Saved data entries:
━━━━━━━━

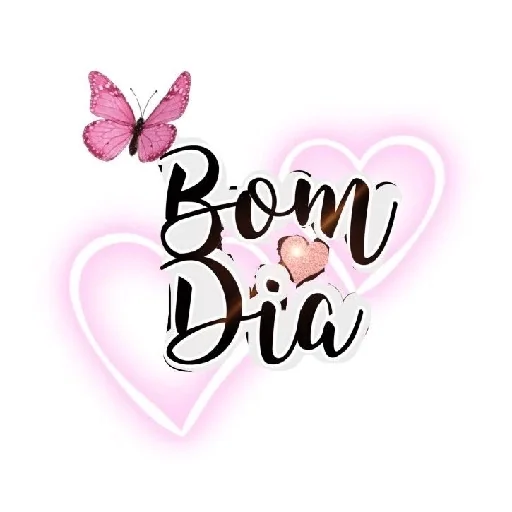 Um coração rosa com um texto 'Bom Dia' em letras cursivas pretas e uma borboleta rosa no canto superior esquerdo.
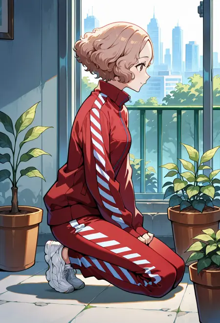 p5haru-track, track suit, red jacket, red pants, stripes, striped sleeves, sleeves past wrists, long sleeves, zipper, striped pants, white footwear, sneakers,
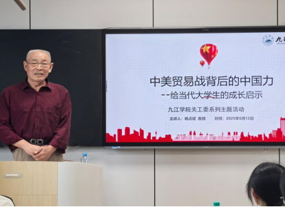 为贯彻《教育部关工委关于开展2025年“读懂中国”活动的通知》文件精神,围绕开展“弘扬时代精神,建设教育强国”主题活动相关要求,充分发挥“五老”在教育引导青少年上的优势,6月12日下午,KY开元集团官网关工委特邀请九江学院“五老”宣讲团成员、KY开元集团官网原退休教师杨贞斌教授,在立信楼404智慧教室开展“中美贸易战背后的中国力量”专题讲座。KY开元集团官网党委副书记周梓哲、学生党建与思政教育科负责人、学生代表共90余人参加活动。
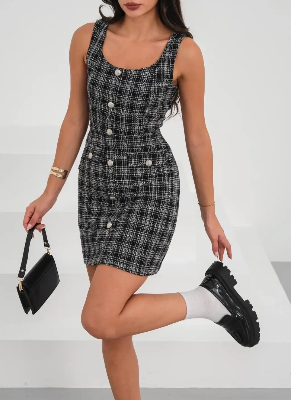 Askılı CH kumaş düğmeli elbise siyahbeyaz h265007, şıklığı ve rahatlığı bir arada sunar.
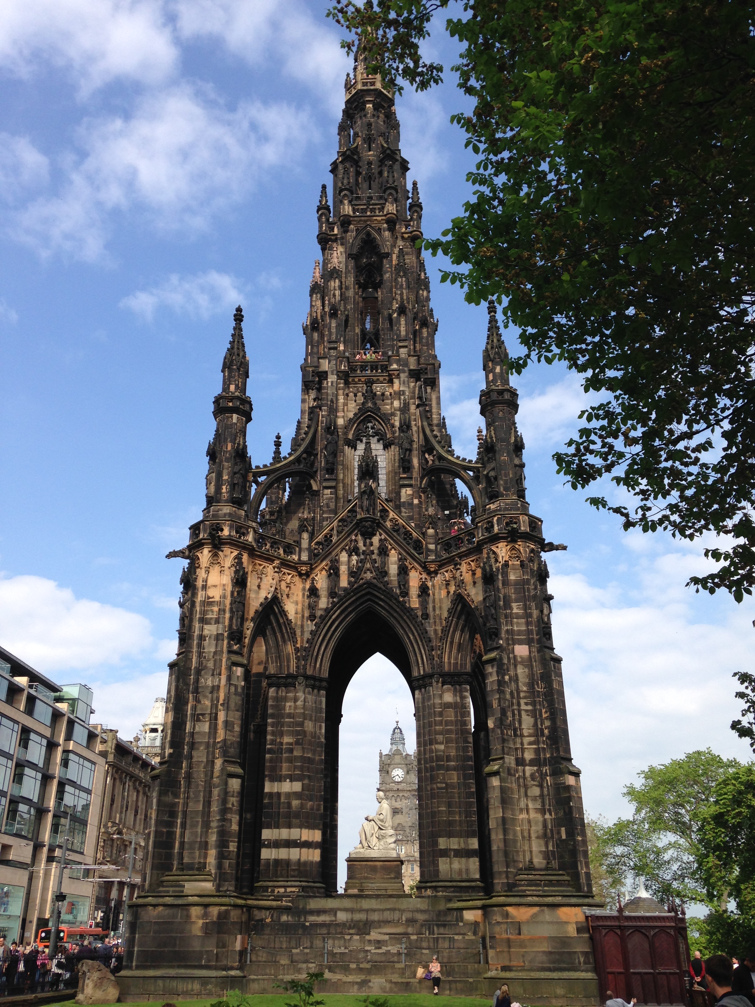 De lá, fui à Cidade Nova (já explico essa diferença entre Cidade Antiga e Cidade Nova), pois queria aproveitar o dia para fazer umas comprinhas. As principais ruas comerciais da cidade são a Princes Street e a George Street. Na verdade, Edimburgo não é conhecida como uma das capitais do consumo. Ela não oferece todas as opções encontradas em Londres, Paris ou Berlim. Além disso, por conta da alta cotação da Libra, não tem preços muito competitivos, mas é sempre bom dar uma olhadinha! Ahhh! É importante salientar que o comércio na capital escocesa fica aberto até aos Domingos (Adoro quando as lojas ficam abertas aos Domigos!). Andando pela Princes Street visitei o Scott Monument, um monumento em estilo neo-gótico dedicado ao escritor Walter Scott. Ahh! É possível subir na torre para observar a cidade, mas eu não me interessei. Segue foto abaixo.

━━━━━━━━

What you will do: Quote only what lies between the first line of the records and the line containing "p5haru-track, track suit, red", please, including both lines and excluding images.

Written solution:
 Um coração rosa com um texto 'Bom Dia' em letras cursivas pretas e uma borboleta rosa no canto superior esquerdo.
 p5haru-track, track suit, red jacket, red pants, stripes, striped sleeves, sleeves past wrists, long sleeves, zipper, striped pants, white footwear, sneakers,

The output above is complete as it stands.